0108 GMT March 23, 2019
The museum had purchased the prized coffin, dating from the first century BCE, in July 2017 from a Paris art dealer for a price of nearly $4 million, AFP wrote.
But the Manhattan district attorney's office determined that the mummy-shaped golden coffin had been sold with fake documentation, including a forged 1971 Egyptian export license.
It was not clear what had sparked the district attorney's investigation.
The statement quoted Met CEO Daniel Weiss as apologizing to the Egyptian people and specifically to Antiquities Minister Khaled El-Enany.
"After we learned that the Museum was a victim of fraud and unwittingly participated in the illegal trade of antiquities, we worked with the DA's office for its return to Egypt," Weiss said.

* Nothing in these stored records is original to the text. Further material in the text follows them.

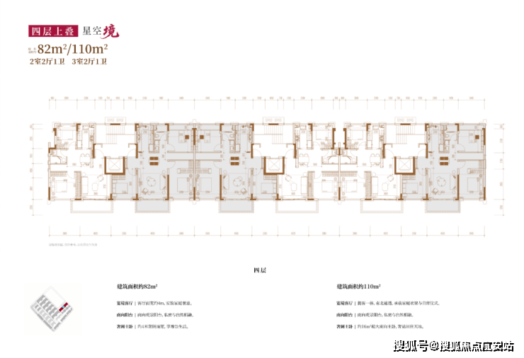 建面约82㎡2房2厅2卫/110㎡3房2厅2卫(四层上叠):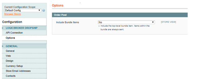 Under the Options tab in the Logicbroker extension configuration, you have the option of including any top-level bundle items on your order. You can change this any time to suit your needs. Regardless of your choice, items within the bundle will always be included.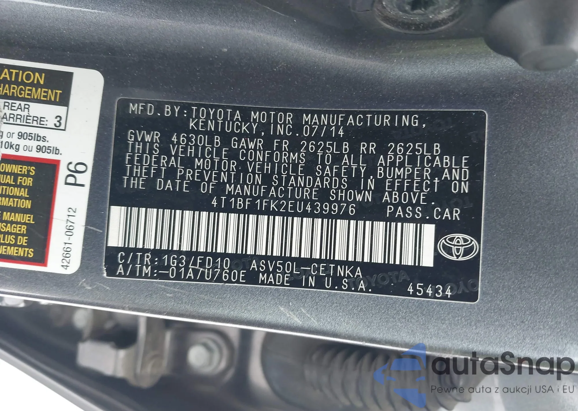 • VIN 4T1BF1FK2EU439976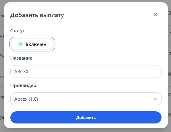 В панели управления откройте раздел "Мерчанты и API — Список автовыплат", и справа в углу нажмите кнопку "Добавить мерчант"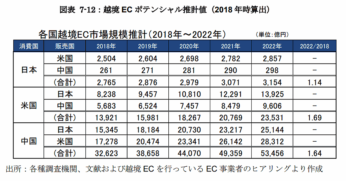 2018年の日本、米国、中国間における越境EC市場規模をベースに、2022年までの推移を想定した越境EC市場規模のポテンシャルを推計している。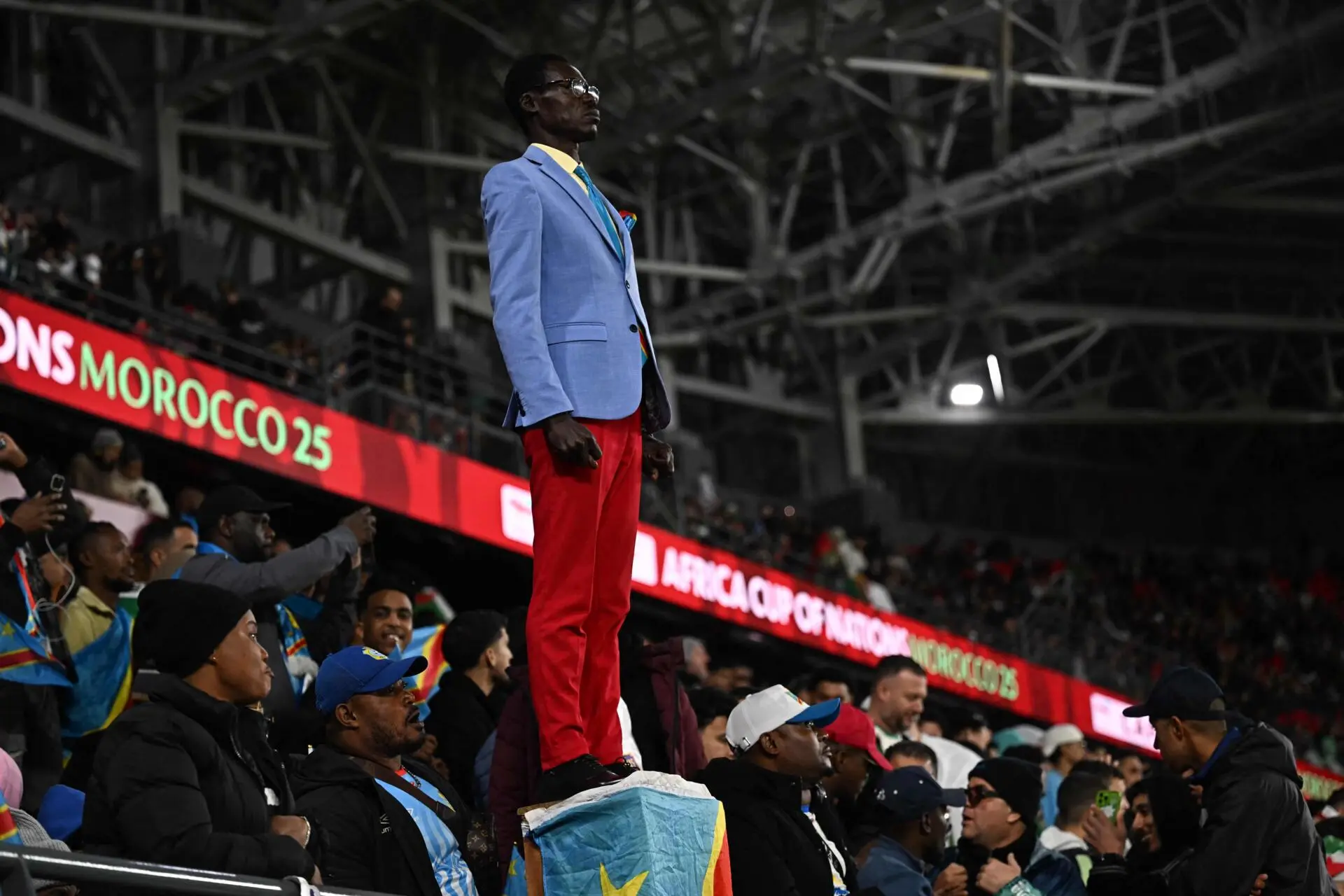 Na sequência do golo da Argélia, marcado por Adel Boulebina, aos 119 minutos do prolongamento, o argelino Mohammed Amoura, que foi alvo do Benfica no verão, provocou este famoso adepto da RD Congo, imitando a sua pose e caindo no chão, como que a dizer que estava eliminado.

The museum said it would "consider all available remedies to recoup the purchase price of the coffin" and would commit itself "to identifying how justice can be served, and how we can help to deter future offenses against cultural property."
MoMA vowed to "review and revise its acquisitions process."
The elaborately decorated coffin, viewed by nearly a half-million visitors since it was made the centerpiece of a major exhibition in July, is sheathed in gold, which the ancient Egyptians associated with the gods.
It is inscribed with the name of Nedjemankh, a high-ranking priest of the ram-headed god Heryshef of Herakleopolis.
The Met took the coffin off view this week to deliver it to the district attorney's office for its eventual return to Egypt.